::: RECORD SET :::

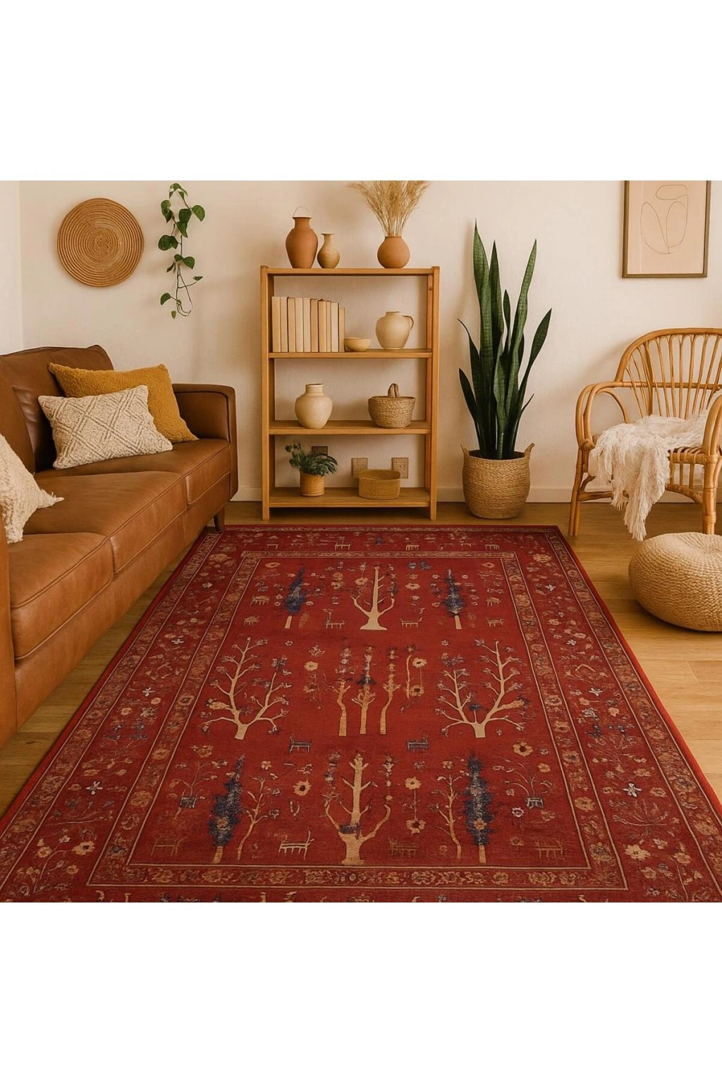 30 derecede sıkma yapmadan yıkama imkanı sunarak kolay temizlik sağlar.; Dokuma tabanı, dayanıklılığı artırırken zeminde sabit durmasını sağlar.; Dikdörtgen şekliyle çeşitli oda düzenlerine uyum sağlayacak şekilde tasarlanmıştır.; Eskitme deseniyle vintage ve bohem tarzını evinize taşır.; Makine halısı üretim tekniği kullanılarak üretilmiştir; uzun ömürlü kullanım vaat eder.; Düz saçak detayı modern ve şık bir görünüm kazandırır.; Kaymaz taban özelliği ile güvenli adımlar atmanız için idealdir.; Salon veya oturma odası gibi geniş alanlarda estetik bir dekoratif obje olarak kullanılabilir.;
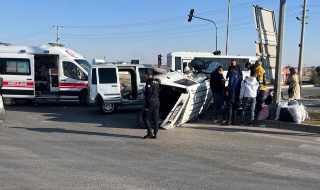 Gaziantep'in Nizip ilçesinde kavşağa kontrolsüz giren otomobile hafif ticari aracın çarpması sonucu 14 kişi hafif şekilde yaralandı. Feci kaza saniye saniye güvenlik kamerasına yansıdı.
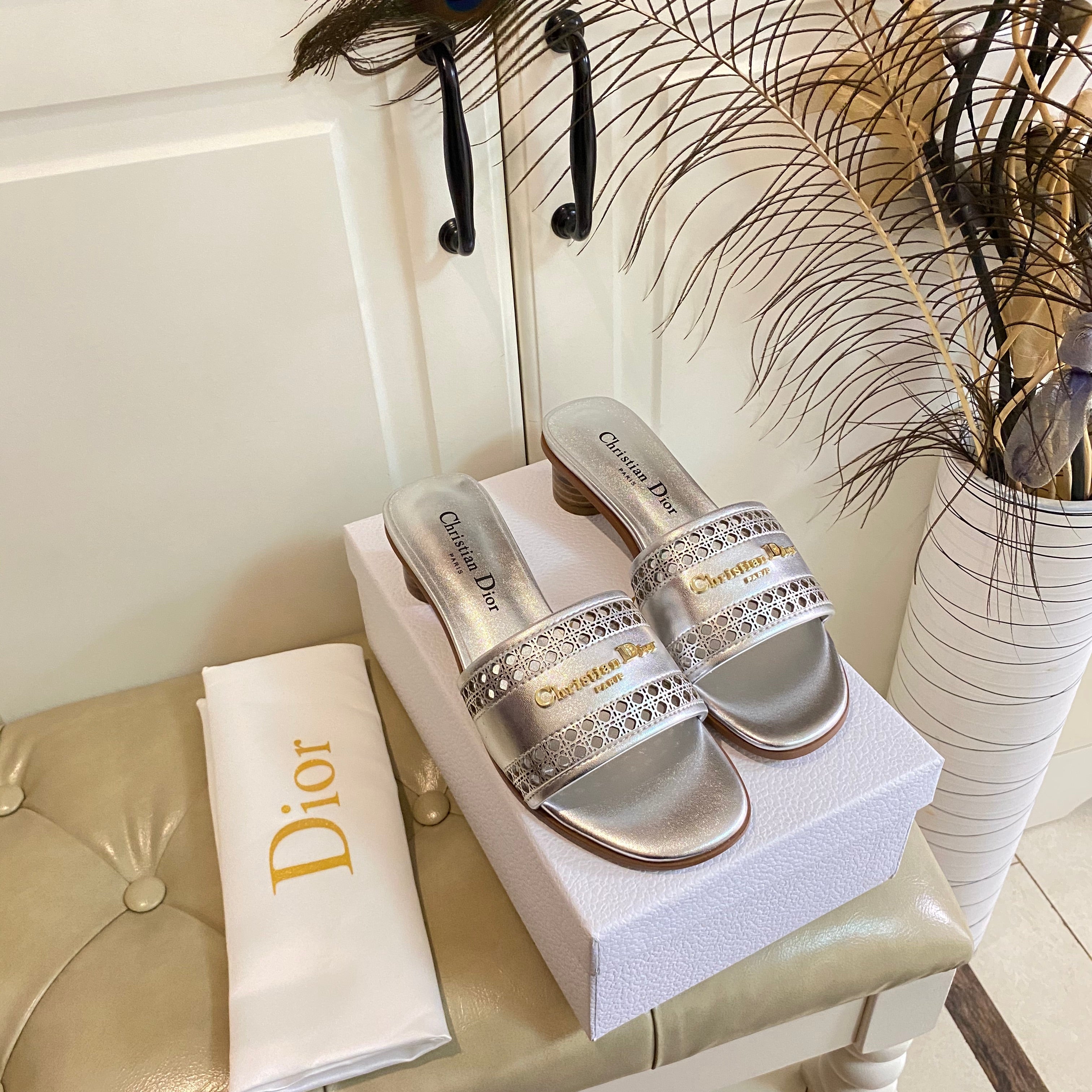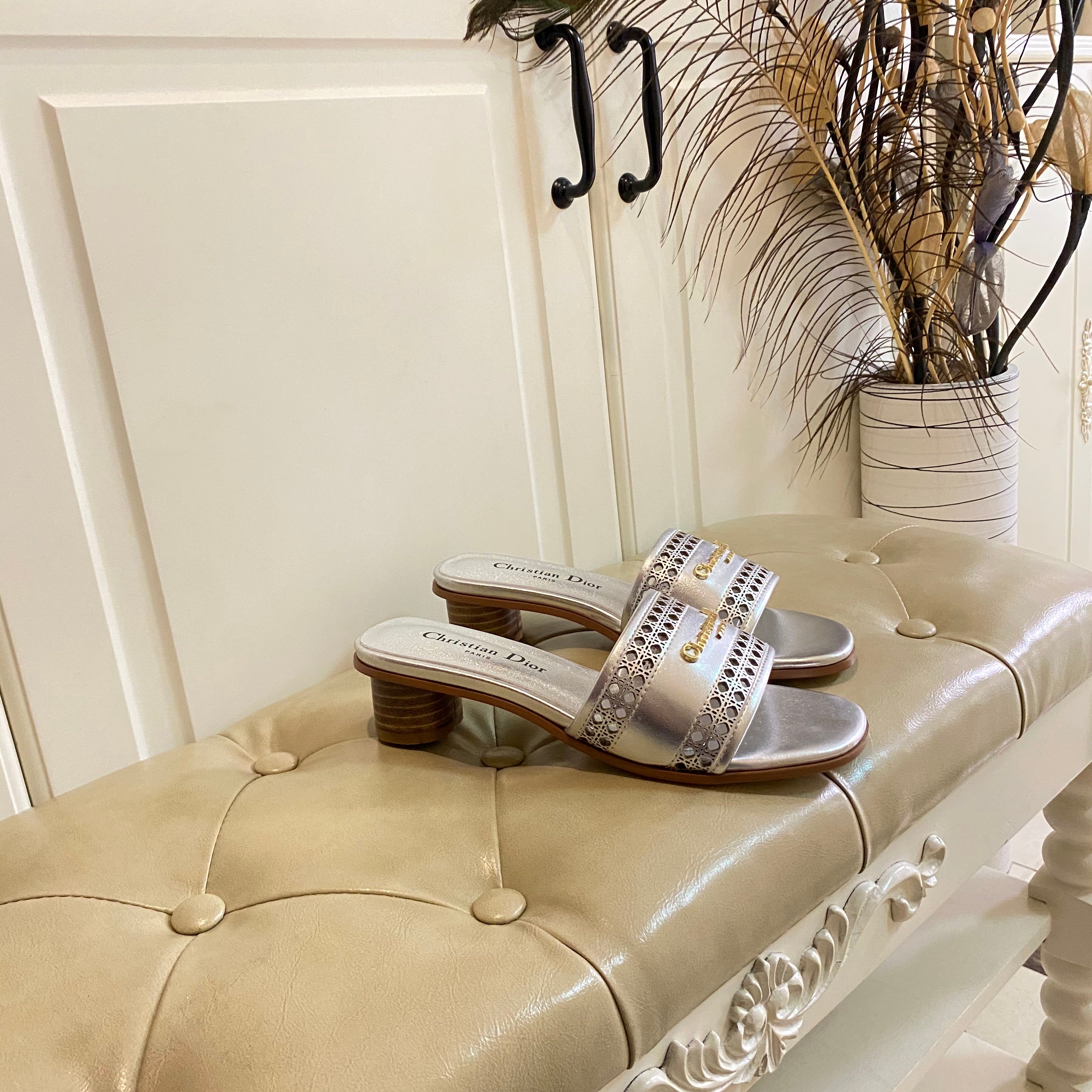 DWAY HEELED SLIDE IN SILVER CALFSKIN WITH GOLD LOGO
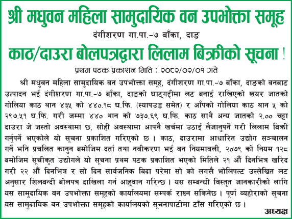 जेठ ३, २०८२ काठ/दाउरा बोलपत्रद्वारा लिलाम विक्रीको सुचना (मधुवान महिला सावउस, दाङ) २०८२।०२।०१
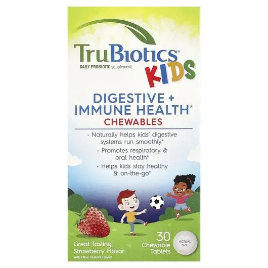 Ваши дети будут в восторге от новых жевательных таблеток TruBiotics с клубникой! Это единственные детские жевательные таблетки с 2 наиболее клинически изученными штаммами пробиотиков в мире. Клинически доказано, что это мощное сочетание полезных бактерий помогает улучшить работу пищеварительной системы детей, уменьшает дискомфорт в верхних дыхательных путях, сокращает количество пропущенных дней дневного ухода за детьми и поддерживает их развивающуюся иммунную систему. Ежедневно пополняйте микробиом ребенка с помощью жевательных таблеток TruBiotics для непревзойденной поддержки иммунной системы пищеварения.
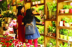 一家花店的熊老板介绍,“春节临近期间,很多人都会来买一些色彩艳丽的鲜花和绿色植物摆在家中,喜庆又温馨。最近我们的鲜花和绿色盆栽植物销售特别好,是平时的2-3倍。”
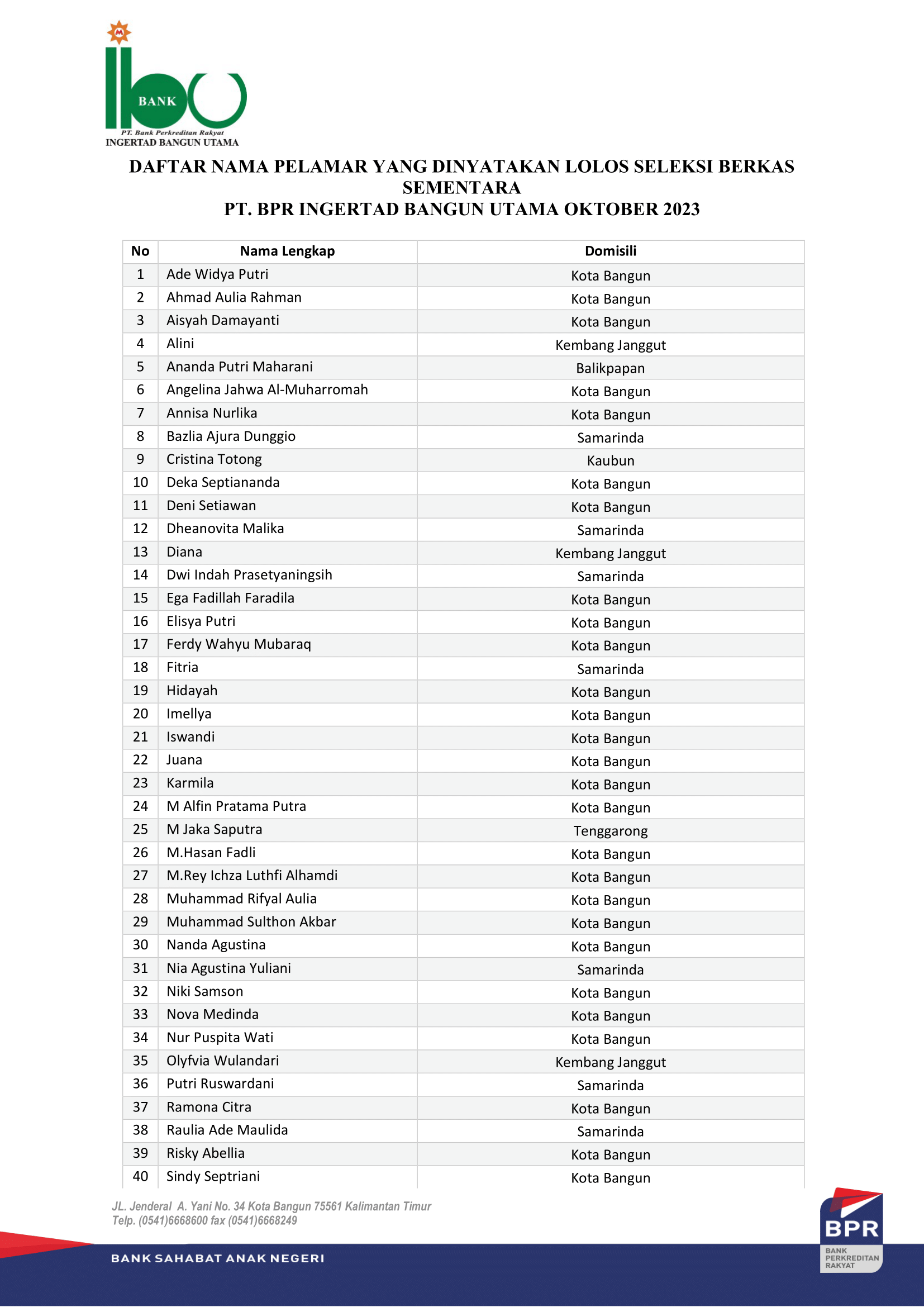 PENGUMUMAN PESERTA LOWONGAN BANK IBU OKTOBER 2023 YANG DI NYATAKAN LOLOS SELEKSI BERKAS (SEMENTARA)
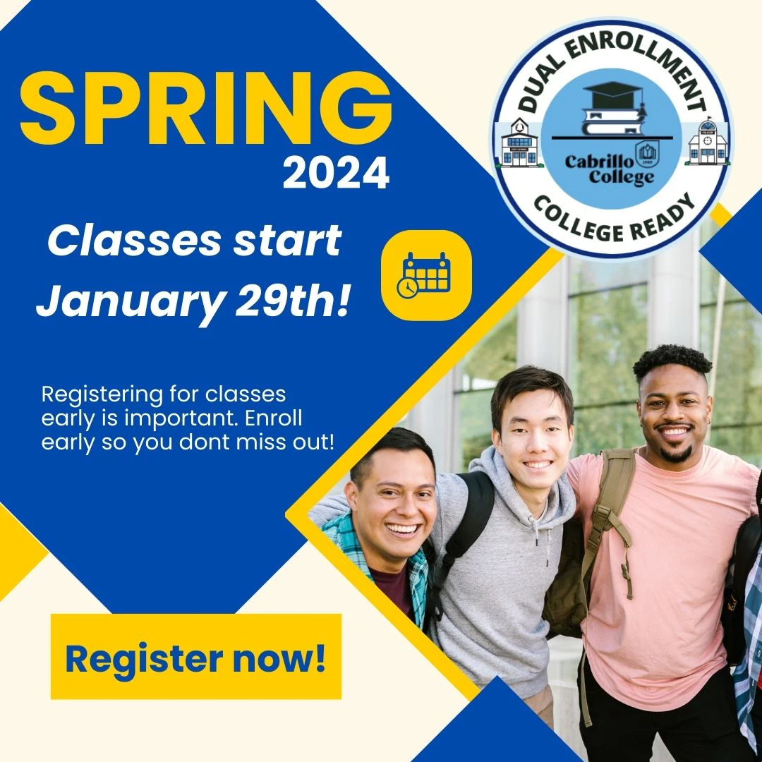 Source : www.cabrillo.eduWhen Is Early Spring 2024 Semester Start The 2024 Spring Semester is starting soon! North Orange : the start of Daylight Saving Time 2024 โ when clocks move ahead one hour โ is getting closer, though winter isnโt done with us yet. Punxatawney Phil may have seen his shadow, predicting an early . Notre Dame has a deep and talented group of early enrollees that have a chance to impact the program right away .
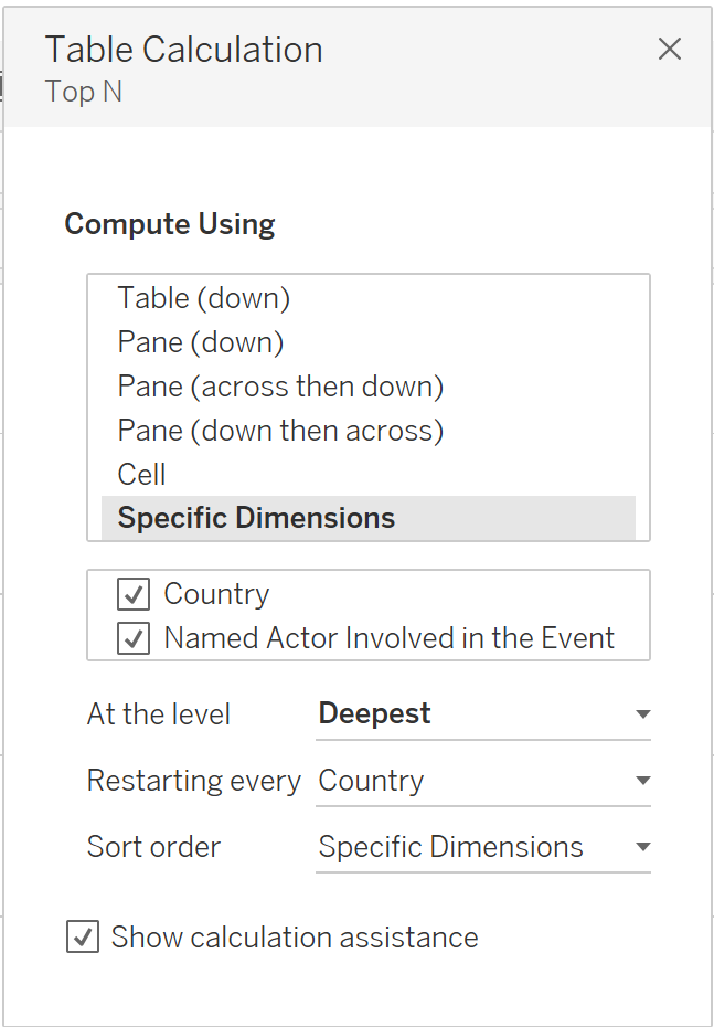 Under Compute Using, select Specific Dimensions.
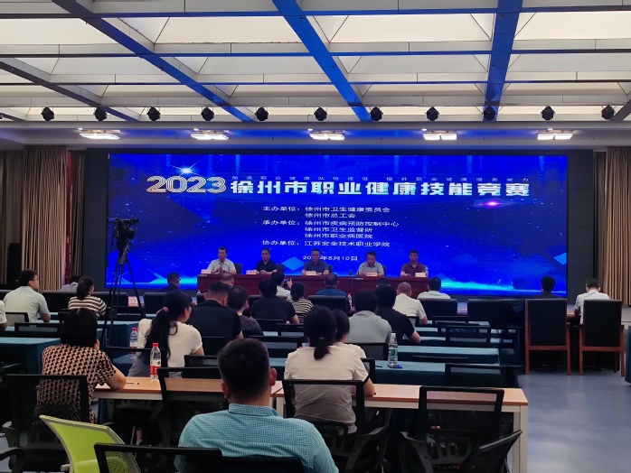 为加强徐州市职业健康人才队伍建设,进一步提升全市职业健康技术服务能力和水平?/span>8?/span>10日,徐州市职业健康技能竞赛在我院云龙校区隆重举行。市卫健委副主任王凯、市总工会副主席王建民、市卫健委副主任杨洪涛及各县(市、区)分管领导和相关负责同志出席了竞赛?
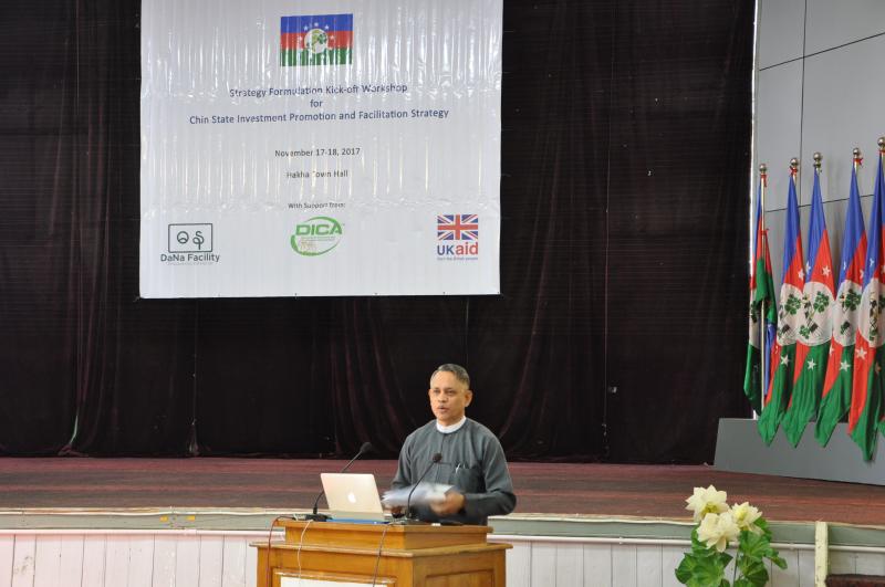 စီမံကိန်းနှင့်ဘဏ္ဍာရေးဝန်ကြီးဌာန၊ ရင်းနှီးမြှုပ်နှံမှုနှင့်ကုမ္ပဏီများညွှန်ကြားမှုဦးစီးဌာနနှင့် DaNa Facility (UK Aid) ပူးပေါင်း၍ ချင်းပြည်နယ် ရင်းနှီးမြှုပ်နှံမှုမြှင့်တင်ရေးနှင့် အဆင်ပြေ ချောမွေ့ရေး ကနဦးအလုပ်ရုံဆွေးနွေးပွဲ အခမ်းအနားအား ချင်းပြည်နယ်၊ ဟားခါးမြို့တွင် ၂၀၁၇ ခုနှစ် နိုဝင်ဘာလ ၁၇ ရက်နေ့၌ ကျင်းပ ပြုလုပ်ခဲ့ပါသည်။
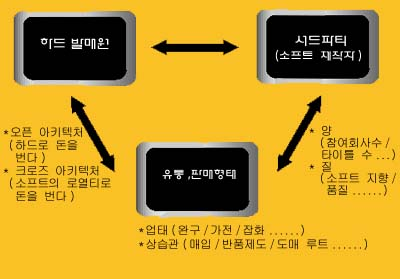 하지만 그것만으로 충분할까요? 저는 그렇게 생각하지 않습니다. 하드웨어와 소프트웨어에다 비즈니스 모델을 포함해서 논해야 합니다. 구체적인 예는 차차 이야기하겠습니다만, 비즈니스의 윤곽이 확실치 않은 게임기에서는 좋은 소프트가 나오지 않습니다. 그러므로 저는 비즈니스 모델에 특히 주목해야 한다고 생각합니다.
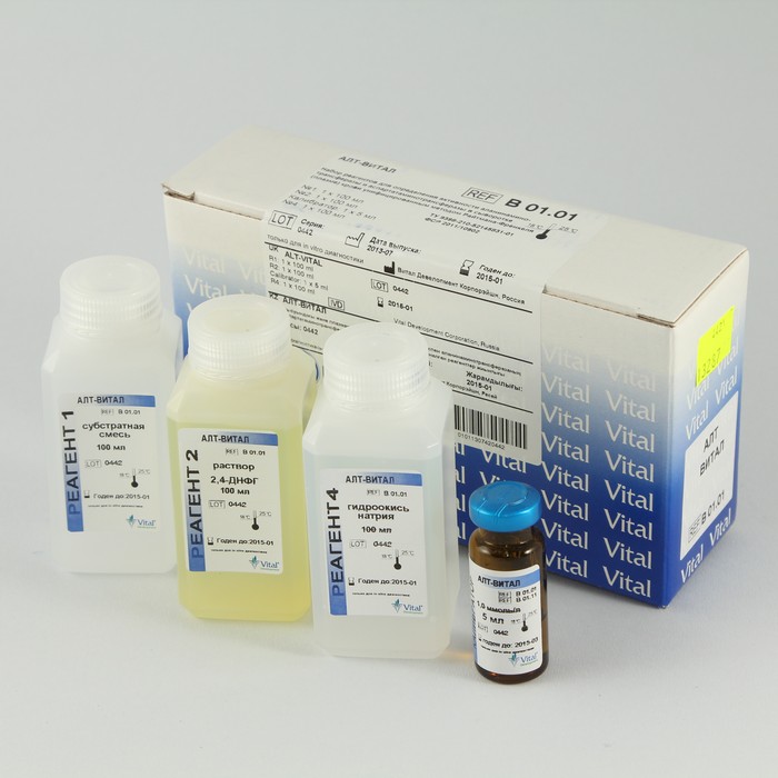 Диагностический набор АЛТ-ВИТАЛ для определения активности аланинаминотрасферазы (АЛТ) в сыворотке или плазме крови унифицированным динитрофенилгидразиновым методом Райтмана-Френкеля.

:::

PROBLEM TO WORK ON | Each line from the one containing "하지만 그것만으로 충분할까요?" through the last line of the entries above should be duplicated exactly, both included; leave out pictures and add nothing.

SOLUTION TO THE PROBLEM |
 하지만 그것만으로 충분할까요? 저는 그렇게 생각하지 않습니다. 하드웨어와 소프트웨어에다 비즈니스 모델을 포함해서 논해야 합니다. 구체적인 예는 차차 이야기하겠습니다만, 비즈니스의 윤곽이 확실치 않은 게임기에서는 좋은 소프트가 나오지 않습니다. 그러므로 저는 비즈니스 모델에 특히 주목해야 한다고 생각합니다.
 Диагностический набор АЛТ-ВИТАЛ для определения активности аланинаминотрасферазы (АЛТ) в сыворотке или плазме крови унифицированным динитрофенилгидразиновым методом Райтмана-Френкеля.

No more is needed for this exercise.